Hawkman was a major character in the Rann–Thanagar War miniseries, which stemmed from events in Countdown to Infinite Crisis. During this time his continuity was further changed (see Carter Hall section below).

The character then received a new series spinning out of Dark Nights: Metal, helmed by Robert Venditti and Bryan Hitch.

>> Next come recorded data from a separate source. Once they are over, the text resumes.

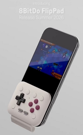 [디지털투데이 AI리포터] 중국 게임 컨트롤러 제조 기업 8빗도(8BitDo)가 스마트폰에서 레트로 게임을 즐기기 위한 전용 모바일 컨트롤러 플립패드(FlipPad)를 공개했다.
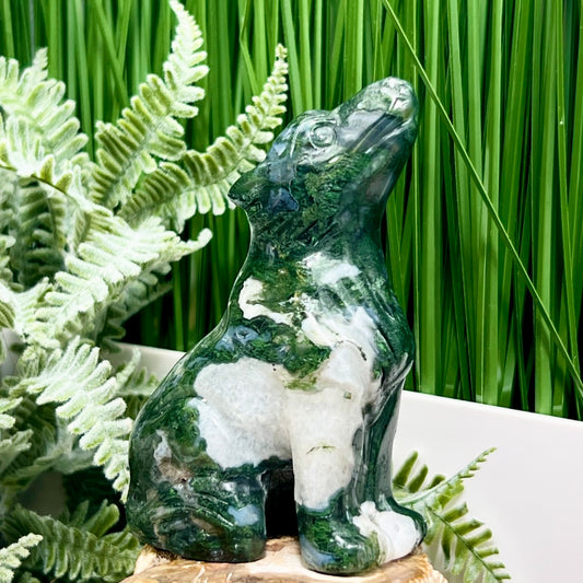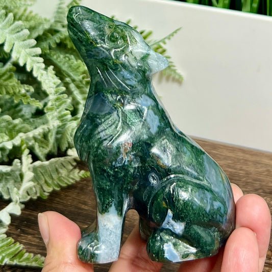 Moss Agate with Quartz Howling Wolf Healing Crystal Animal Carving 253g
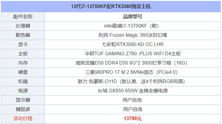 独显配置12:13代i7-13700KF配RTX3080独显主机
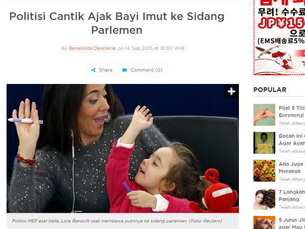 ▲義大利一名女議員,從女兒出生1個多月就帶她到議會上班,現在女兒已經5歲了。(圖/翻攝自《Health Liputan6.com》)
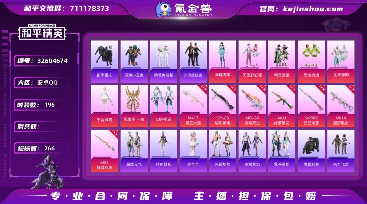 YZJ16093-可二次-安卓Q-5稀有8粉装9特效枪13热门【精品身法号 伤感小雾神套装 千金淑猫 凤凰座一辉 天网 都市 双马尾 红眼罩 天命 NV战队服 小丑鱼 动感兔斯基 东方飞龙 冷酷挑战者 娜可露露 都市丽猫 晶灵使者 多款满级特效枪 1级龙翔九天飞行器 1级信仰神谕飞行器 千金淑猫背包头盔 伙伴-粉雪蛇宝 13款飞行器】196套装266枪皮 80416热力值 12印记 历史传奇王牌17星 【5稀有】 M416-黄金龙骨 AWM-黄金龙骨 都市猎人 浪漫天命 天网终结者 【8粉装】 凤凰座一辉 天使彩虹糖 千金淑猫 金丰海韵 异瞳寒姬 幻彩电音 精灵迷巫 恐龙拽拽 【9特效枪】 AKM-绿萝繁花 (5级) Kar98K-巳巳如意 (5级) MG-36-沧焰双生 (5级) DP-28-豹影疾电 (5级) Mk14-甜梦熊击 (5级) M24-镜域双华 (3级) M417-第五大道 (7级) Mk14-福马献瑞 (1级) ACE32-萌骑漫游 (5级) 【13热门】 小丑鱼 龟仙人 东方飞龙 动感兔斯基 兔兔小魔女 鹰眼刺客 深海小丑鱼 NV战队服 暗影哥特 漫步者 破蛋小黄鸡 极速红龙 军刀雅典娜 【1飞行器】 龙翔九天飞行器 【2头盔】 梦幻火箭头盔 金羽特工头盔 【1背包】 金羽特工背包 营地ID:917990238
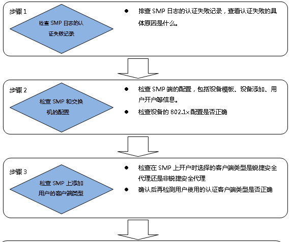 1)客户端和认证设备、认证设备和SMP服务器之间的通信异常;
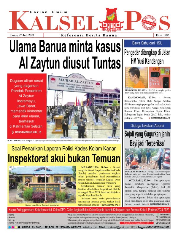 Ulama Banua minta kasus Al Zaytun diusut Tuntas. Kalselpos 1932 kalselpos27 Juli 2023136 views Bacaan LainnyaTerkait Korupsi Dana Desa Rp657 juta, Eks Kades di Kusan Hilir divonis 3 TahunDireksi baru PAM Bandarmasih terbentuk, Zulbadi dipercaya jadi DirutParkir Pasar Wadai ‘mencekik’, Pengendara Motor ditagih Rp10 Ribu Kalsel Pos Berita Terkini, Kabar Terbaru Hari ini Banjarmasin Kalimantan Selatan dan Nasional Pos terkaitTerkait Korupsi Dana Desa Rp657 juta, Eks Kades di Kusan Hilir divonis 3 TahunDireksi baru PAM Bandarmasih terbentuk, Zulbadi dipercaya jadi DirutParkir Pasar Wadai ‘mencekik’, Pengendara Motor ditagih Rp10 Ribu
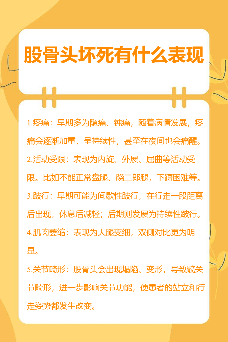 5.关节畸形:病情严重时,股骨头会出现塌陷、变形,导致髋关节畸形,进一步影响关节功能,使患者的站立和行走姿势都发生改变。

Fictional character biographies

Carter Hall

In the days of ancient Egypt, Prince Khufu is engaged in a feud with his rival, the Egyptian priest Hath-Set. The priest eventually captures both Khufu and his consort Chay-Ara, and kills them using a cursed dagger of Nth metal. Millennia later, in 1940, Khufu is reincarnated as American archaeologist Carter Hall, Chay-Ara as Shiera Saunders, and Hath-Set as scientist Anton Hastor. After touching the same Nth Metal dagger used to kill Khufu, Carter regains the memories of his former life and realizes Hastor is the reincarnation of his ancient foe. When Hastor kidnaps Shiera, using a magic spell to draw her to his lair, Hall uses his newly-refound memories to craft a gravity-defying belt using Nth metal and a winged costume to become Hawkman. Carter successfully rescues Shiera, Anton is killed by electrocution, and Carter and Saunders begin a romantic relationship.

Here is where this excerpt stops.